Appleby's move against the Baileys is unprecedented in Irish business history and comes just a few weeks after it was revealed that the brothers had made a 25m settlement with the Revenue Commissioners in relation to unpaid tax going back more than 20 years. (And let us not forget that Michael Bailey made a £5m settlement back in 2000. ) Like the Taoiseach, there is a whiff of dodginess about the Baileys. As well as their enthusiastic tax evasion, they and their company played a key part in the Flood tribunal, which found that Michael Bailey had given a £30,000 under-the-table payment to James Gogarty, and that he had obstructed the tribunal's workings.
I'd be able to tell you a bit more about Michael had his financial records not been, terribly unfortunately, destroyed in a fire on the very same day that the Supreme Court was to decide whether he should have to give them over to Flood.
Anyway, Michael and Tom are members of Fianna Fail, according to Labour Party leader Pat Rabbitte.
They are also, Rabbitte pointed out in the Dail, "prominent donors to [the Taoiseach's] party and attendees at every significant Fianna Fail occasion. What signal does it send out to tax-compliant citizens, " Rabbitte asked, "that the perpetrators involved in this episode [the 25m settlement] are feted at every significant event held by the Fianna Fail party?"

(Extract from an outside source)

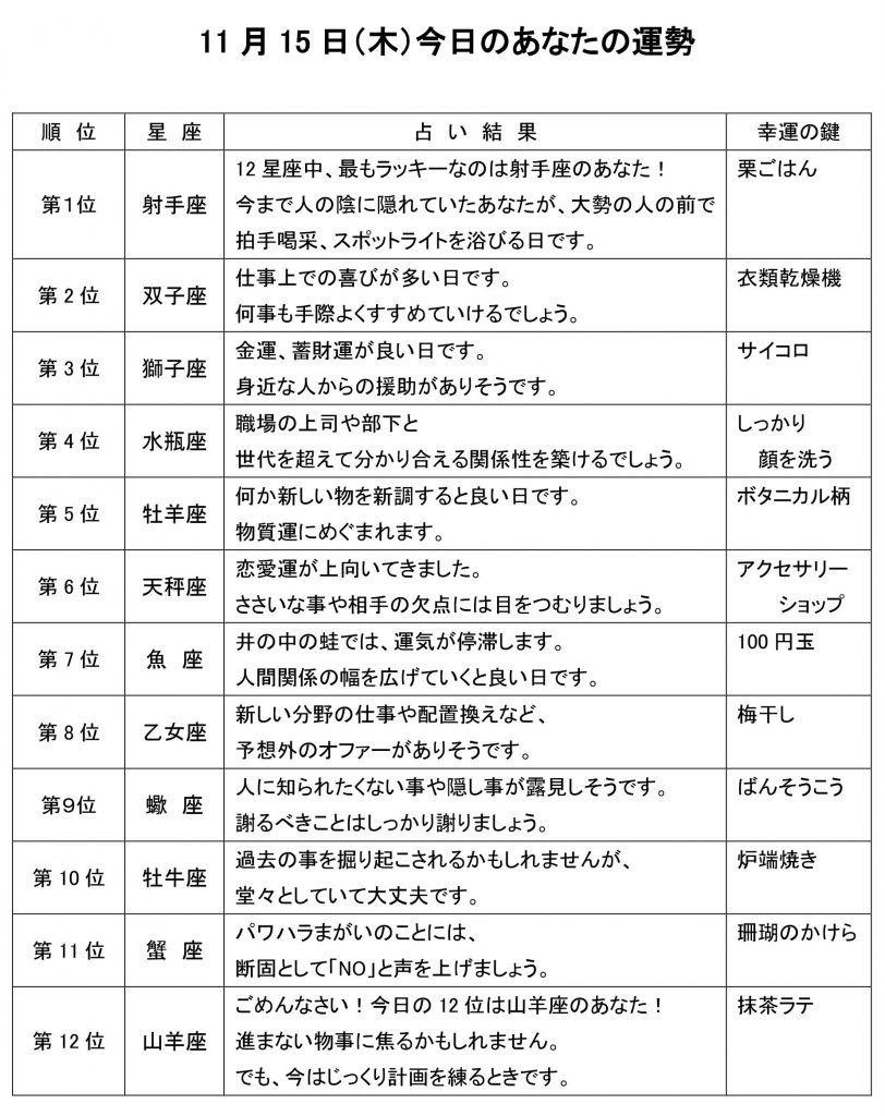 今日のあなたの運勢は・・・?

The most recent of these events was the Galway Races, where Michael Bailey purchased a table at the Fianna Fail tent, which was also visited by the Taoiseach. The races were held just a few weeks after details of the tax settlement were revealed.
The message from the Taoiseach was clear: tax evasion does not put you beyond the pale; we welcome support from tax dodgers; my party's view of gifts from builders is one of high tolerance.
Maire Ardagh didn't lick it off the stones.